Lestat paused and smiled. And continued. "Leaving aside the tired hair-splitting between secular and religious forms of humanism, which IMHO, is a boring circular and unproductive discussion, and we just move straight to the meat of your..."

He paused for effect. 

"...'address' towards us. If we account for orthodox bodily organs, albeit unorthodox-ly applied, versus those who have removed such organs as they no longer need but who are, as a result, missing key facets of what constitute orthodox understanding of humanity, then this is a complex question indeed. And yet, before I respond to it, I must also include a somewhat dubious category of those beings who - although in possession of full organs and uniformity of corporeal design - nevertheless choose to conduct themselves in such ways as to run deliberately counter to the accepted standard practices of western protocol. You gents will know of course that I am referring to your Rousseau-ian levels of nobility - whereby you, in hiding behind the licences provided by your current offices, are demonstrating traits of behaviour which could easily be classed as 'inhumane' particularly from an ethical or even the more tired moralistic framework. And I would suggest that this category, in our current circumstances, constitutes the more pressing matter that we ought to be addressing first. Hmmmm? What say you?"

Three pudgy faces stared uncomprehendingly at Lestat, who smiled serenely. "Oh! I'll take your silence as tacit agreement and acknowledgements of your inherent faults! Have a good evening!" Lestat turned towards the entrance. 

One of the bouncers stepped forward, grabbing a few of his wits. "No. You don't."

Lestat stopped and sighed. 

"Humans only." 

Lestat turned around and sighed again. "You really shouldn't have, you know.
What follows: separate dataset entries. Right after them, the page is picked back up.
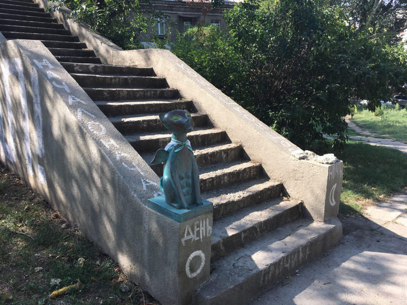 Все статуи, созданные в рамках проекта «Одесские коты», облачились сегодня в вышиванки. Эту акцию провели неизвестные патриоты, передает корреспондент «Думской». К сожалению, накануне одного из котов-сфинксов, установленных на Военном спуске, похитили. Полиция пытается найти воров и похищенного усатого. СМЕРТЬ РОСІЙСЬКИМ ОКУПАНТАМ! Помітили помилку? Виділяйте слова з помилкою та натискайте control-enter Новини по цій темі: 30 липня 2021: Изюм в тельняшке на берегу моря: на Ланжероне открыли еще один памятник одесскому котику (фото) 20 травня 2021: Вандалам вопреки: стеклянный кот Витражик в третий раз вернулся на свое место в парке Победы (фото) 13 квітня 2021: Одесские коты примерили весенние веночки (фото) 28 січня 2021: В парке Победы снова похитили витражного кота (фото) 16 листопада 2020: "Крестовик" Виталик добрался до одесских котов (фото) |
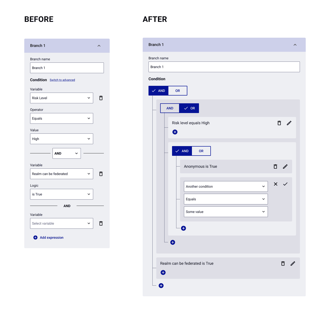 These mockups shows the new interactions introduced in Phase 2, such as the ability to add and edit conditional branches with multiple levels of AND/OR logic.
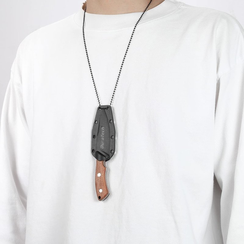 DURATECH Compact Fixed Blade Knife, 6-inch Neck Knife, 3-inch Blade, Full Tang, Wood Handle with Molded Sheath, Necklace and Paracord included, for EDC, Outdoor, Camping, Hiking
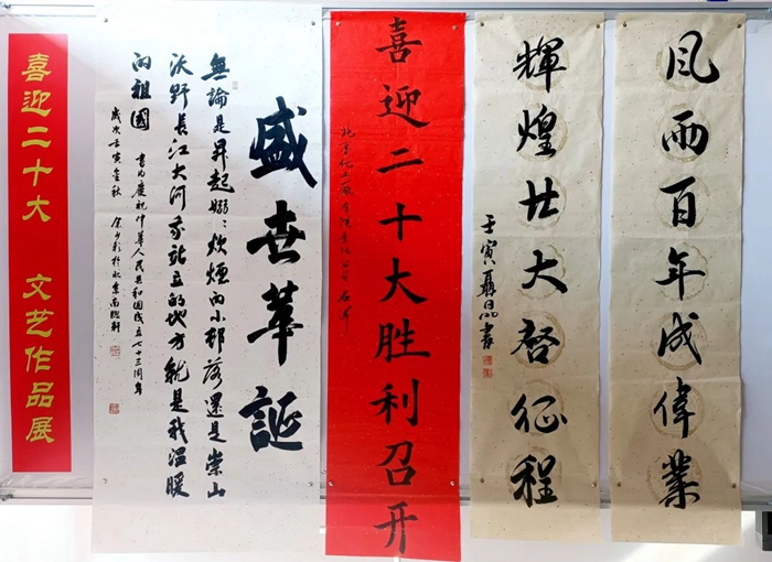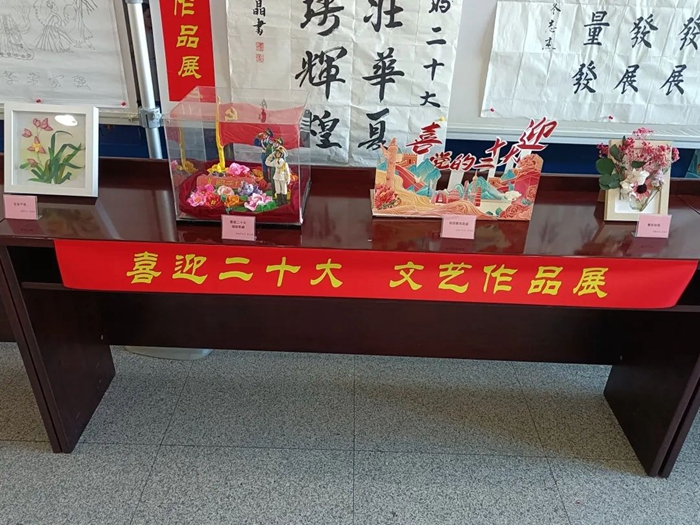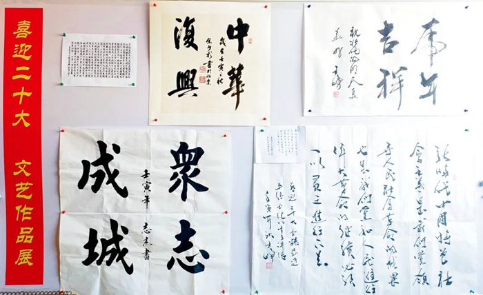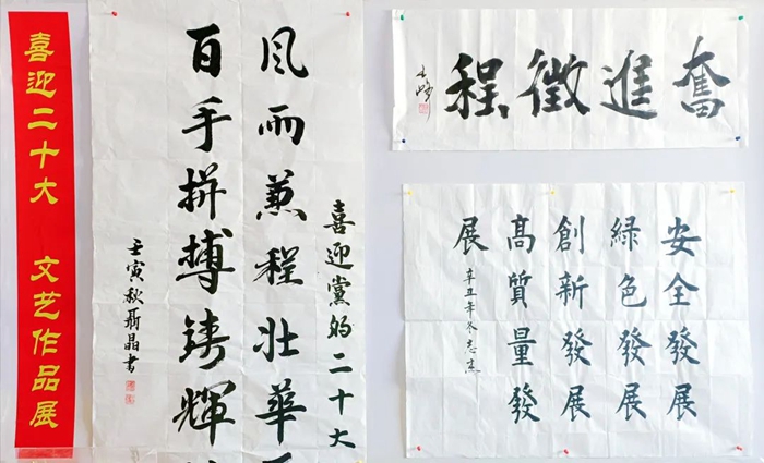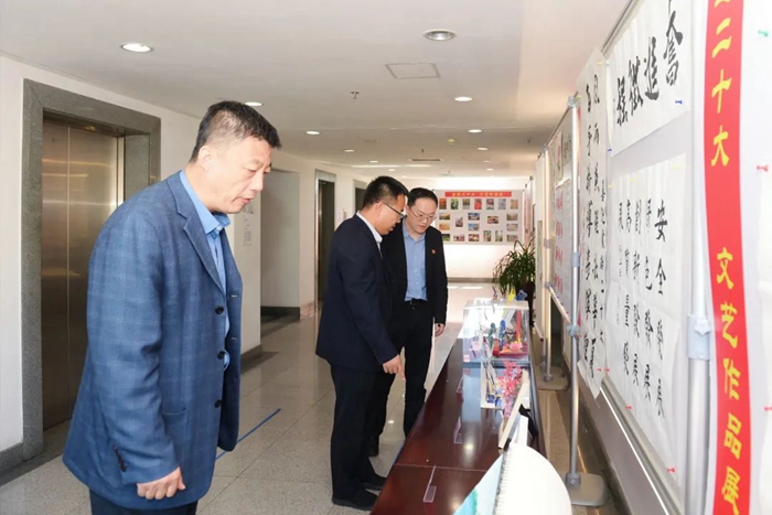 此次展览,从各单位上交的各类作品中精选出书法作品16件,摄影作品21件,绘画作品7件及手工艺作品10件进行现场展示。遒劲有力的书法作品,美不胜收的摄影作品和绘画作品,以及不同风格的手工艺作品洋溢着财神(中国)干部职工期盼党的二十大胜利召开的喜悦心情,也充分展现出大家丰厚的文化素养和多彩的业余文化生活。

I know you're just trying to regain some ego and lost ground, but really, such obtuseness isn't attractive."

Lestat's hand flew out and delivered a hard, smart jab to the bouncer's jaw, whose head then snapped back with surprising speed, demonstrating that there was in fact a neck somewhere within the bulbousness. The bouncer then slithered to the ground, eyes closed and meek. 
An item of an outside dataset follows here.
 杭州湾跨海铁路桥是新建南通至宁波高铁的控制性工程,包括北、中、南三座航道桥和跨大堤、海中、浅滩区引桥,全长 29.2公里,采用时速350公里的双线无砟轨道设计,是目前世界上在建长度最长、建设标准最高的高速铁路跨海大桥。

The other two bouncers watched him fall and stepped towards Lestat, confused. Drac delivered what looked like a hand squeeze to the fat folds on the back of where the neck should be on one bouncer, who fell obediently like a stone.
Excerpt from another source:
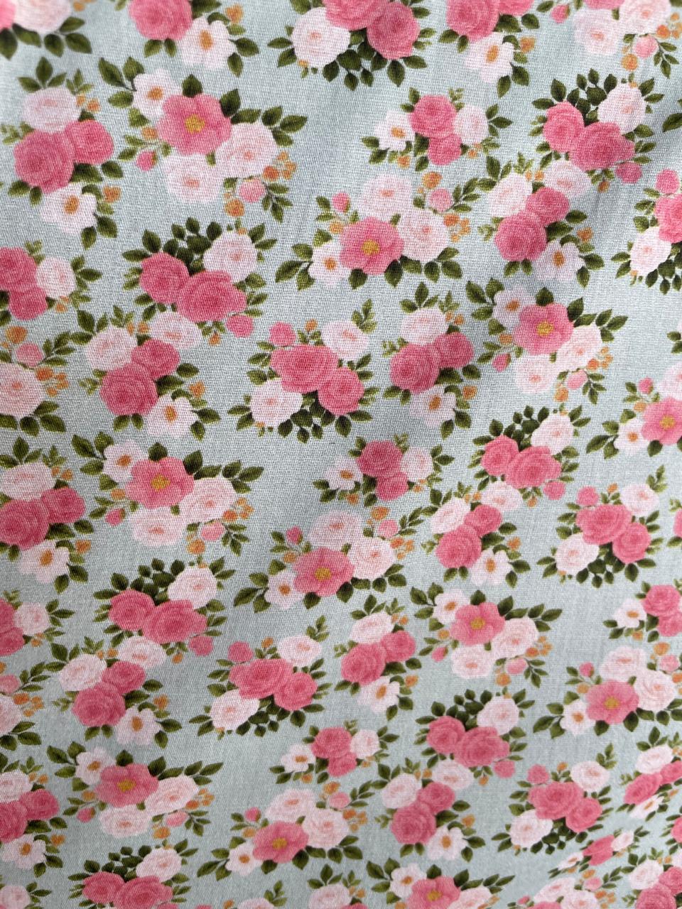 A tricoline com estampa de Buquês de Rosinhas sobre Fundo Verde Malva 100% Algodão é muito bonita. Excelente para decoração e vestuário. A estampa tem cores firmes e pode ser usada na decoração da casa como nas toalhas de mesa, guardanapos, jogos americanos, etc.

The Mummy reached out and hugged the remaining bouncer near his armpit; the bouncer flailed helplessly, eyes wide in desperation before closing as he too slumped silently to join his prone colleagues. 

"You know, we could just get to the point without your 'discourses', don't you?" Drac glared at Lestat.

Lestat shrugged an elegant shoulder. "They needed to hear some home truths." He opened the door and the loud, frenetic music fell out. Lestat hid his wince and grandly gestured for Frankie to enter. 

Everyone in Criers' Corner dried their eyes and rushed to follow The Mummy inside, stepping carefully over the sleeping huddle of bouncers' bodies. 

Frankie got into Hollywood that night, and was a very happy chappie, crediting his Akubra for a fabulous night of dancing and flirting and acceptance from a cool and gorgeous bunch of people. 

Drac hooked up with a sulky, silky androgynous couple, both of whose genders remained indeterminate for the entire length of the relationship. 

The Mummy got to unbutton his shirt, show off his bandages and lurch around in a few faux "Mummy"-type moves, which had the girls around him screaming in apparent appreciation. 

Lestat leant against the bar, thinking moodily of his Heidegger text, nursing a whisky, until he heard a couple of girls refer to him as 'Edward'. On reflection, he decided, that was taking things too far. He'd rather be called un-human.